Le potentiel physique de production énergétique massive à partir de l’énergie solaire est effectivement gigantesque (cela ne fait pas débat : nous consommons, toutes énergies confondues, de l’ordre de 1/10 000 de ce que la Terre reçoit par an). Toute la question est donc celle de la rentabilité économique. Il semblerait que la perspective de réduction des coûts de production soit réelle. Mais au-delà de l’analyse de premier ordre, si on prend en compte le renchérissement du pétrole et autres matières fossiles, si on prend en compte le caractère destabilisateur dans les relations internationales des dépendances en énergie fossile, si on prend en compte les impacts sur l’environnement, il semble raisonnable qu’un tel projet soit rentable.

  • Le bénéfice des pays producteurs ?

Il semble que les pays producteurs pourront bénéficier du système, avec un production énergétique et une production d’eau potable.

Mais il est frappant que seule l’Afrique du Nord bénéficie du système… encore une fois, on dirait bien que l’Afrique subsaharienne est totalement oubliée… alors même que c’est elle qui a les besoins les plus importants et pour des motifs les plus valables ! Clairement, cette conception d’une production énergétique uniquement autours de la Méditerranée est difficilement acceptable en termes d’équité.

  • Dépendance et effet réseau

La répartition des unités de production entre de nombreux pays permet d’éviter une totale dépendance à un pays ou bien que l’instabilité politique ne soit un danger majeur. Cependant, la constitution d’un si gros réseau est une faiblesse intrinsèque : à l’image des gazoducs et oléoducs actuels, ce réseau pourra faire l’objet d’attaques terroristes ou permettra à certains gouvernement d’exercer un chantage important.

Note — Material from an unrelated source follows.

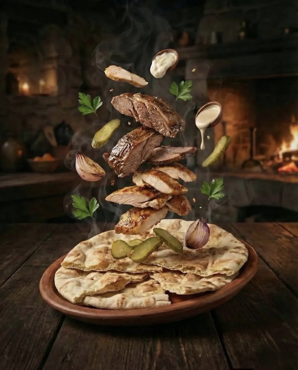 { "image_prompt": { "theme": "Hyper-realistic cinematic food photography of deconstructed Middle Eastern cuisine", "composition_style": "Levitating/Floating elements, exploded view", "scenes": [ { "dish": "Deconstructed Shawarma", "floating_elements": [ "Slices of seasoned grilled meat", "Pickles", "Red onion wedges", "Fresh parsley leaves", "Small ceramic bowls of white garlic sauce and tahini" ], "dynamic_actions": "Drop of sauce falling from bowl, soft steam rising from meat", "base_elements": "Rustic wooden plate with warm flatbread", "background_environment": "Moody, dark rustic kitchen with a glowing fireplace" }, { "dish": "Deconstructed Jordanian Mansaf", "arrangement": "Vertical levitation layers", "layers": { "top": "Torn shrak bread", "middle": "Mound of yellow turmeric rice", "lower_middle": "Large chunks of tender cooked lamb", "bottom": "Dynamic splash of thick, creamy white jameed sauce" }, "garnish": "Toasted almonds, pine nuts, chopped parsley", "base_elements": "Shallow clay dish", "background_environment": "Rustic stone kitchen" } ], "lighting_and_atmosphere": { "type": "Cinematic lighting", "mood": "Warm, moody, dramatic, high contrast", "specifics": "Soft highlights, rich textures" }, "technical_specs": { "resolution": "8K", "camera_settings": "Shallow depth of field", "style": "Ultra-realistic commercial food photography" } } }{ "image_prompt": { "theme": "超现实电影级美食摄影,解构中东美食", "composition_style": "漂浮/悬空元素,爆炸图", "scenes": [ { "dish": "解构沙瓦玛", "floating_elements": [ "调味烤肉片", "腌菜", "红洋葱块", "新鲜欧芹叶", "盛有白色蒜酱和芝麻酱的小陶瓷碗" ], "dynamic_actions": "酱汁从碗中滴落,肉片冒出缕缕热气", "base_elements": "带有温热大饼的质朴木盘", "background_environment": "昏暗、质朴的厨房,壁炉散发着微光" }, { "dish": "解构约旦曼萨夫", "arrangement": "垂直悬浮分层", "layers": { "top": "撕碎的 shrak 面包", "middle": "一堆黄色姜黄饭", "lower_middle": "大块鲜嫩的熟羊肉", "bottom": "浓稠奶油状白色 jameed 酱的动态飞溅" }, "garnish": "烤杏仁、松子、切碎的欧芹", "base_elements": "浅口陶盘", "background_environment": "质朴的石砌厨房" } ], "lighting_and_atmosphere": { "type": "电影级灯光", "mood": "温暖、情绪化、戏剧性、高对比度", "specifics": "柔和高光,丰富纹理" }, "technical_specs": { "resolution": "8K", "camera_settings": "浅景深", "style": "超现实商业美食摄影" } } }

On se situe dans une dynamique totalement inverse de la philosophie pronée par H. Sheer (député Allemand, promoteur des énergies renouvelables), qui cherche à décentraliser totalement la production et de la rapprocher le plus possible de la consommation afin d’assurer « l’autonomie » énergétique à toute échelle.

Premières conclusions

Un projet réaliste, qui offre donne un élan supplémentaire aux renouvelables, en ce qu’il les crédibilise. Une analyse plus détaillée des données chiffrées serait nécessaire pour avoir un point de vue sur la rentabilité économique du scénario proposé.

Un point faible majeur : l’oubli de l’Afrique subsaharienne…

Ce projet lance-t-il l’affrontement de deux philosophies autours des renouvelables (production locale, délocalisée)  ? Peut-être, mais il n’est pas dit que les deux philosophies ne soient pas complémentaires. Mixer production locale et production internationale est peut-être une combinaison particulièrement stable au plan politique, énergétique… et si elle est bien pensée, potentiellement source d’équité internationale.

Le projet est donc très politique ; d’ailleurs, le livre blanc met effectivement l’accent sur la nécessit de l’organisation d’un cadre politique. Ce  réalisme est un bon point de départ.